Training, simplified

Piaffe

When Jay and I were watching dressage at the WEG, we were using the headsets in which a commentator was, well, commentating.  I don’t know if this happens to you, but sometimes a particular turn of phrase will have such an undeniable “truthiness” (oh how I love that word) to it that I find myself putting everything else immediately aside to think about it.  The commentator was acknowledging a particularly beautiful piaffe in an afternoon of piaffing excellence.  She said,

“When you train a horse you have to do two things:  You have to teach him the mechanics of what you wish him to do, and then you have to teach him that he is good at it.”

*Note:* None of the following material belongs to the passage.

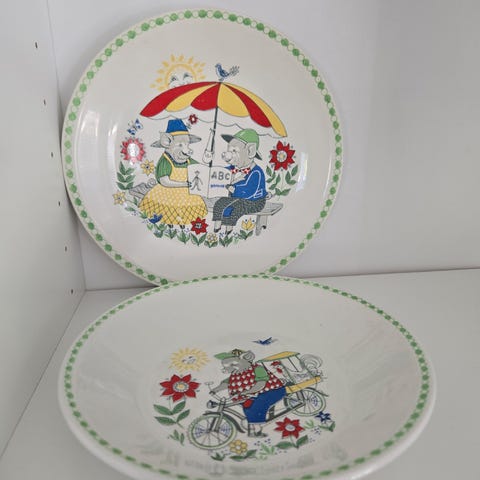 Vintage eggeglass/press glass med nisse som bære en kurv
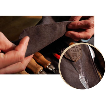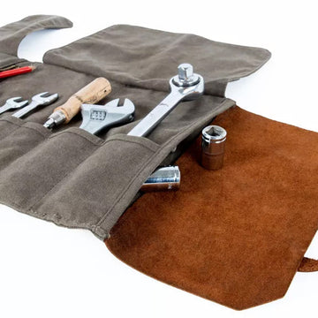 Werkzeugrolle aus wasserfestem Canvas und Leder in khaki und charcoal

Upon hearing that, I didn’t really see the rest of the test, though I was looking.  It was like a lightning bolt hit me, and I sat there, stunned.  That one sentence encapsulated all that I do with horses.  A trainer has to know the correct mechanics of any skill she is trying to teach (what are the footfalls of canter?  How does half pass start?  How does a horse arrange his legs in all stages of a jump?).  The trainer also has to know when the work is correct, or even close while they are learning, and communicate that to the horse.  Congratulate him, even.  When the horse gets his paycheck in praise for doing a thing as we wish, pretty soon he likes to do that thing.  When he likes to do that thing, he performs it with increasing confidence, which, if nurtured, becomes brilliance.

So the horse piaffing with joyful brilliance in front of us that day had mastered the mechanics of the movement, and he clearly knew he was good at it.  It was a joy to see.  Now that’s training.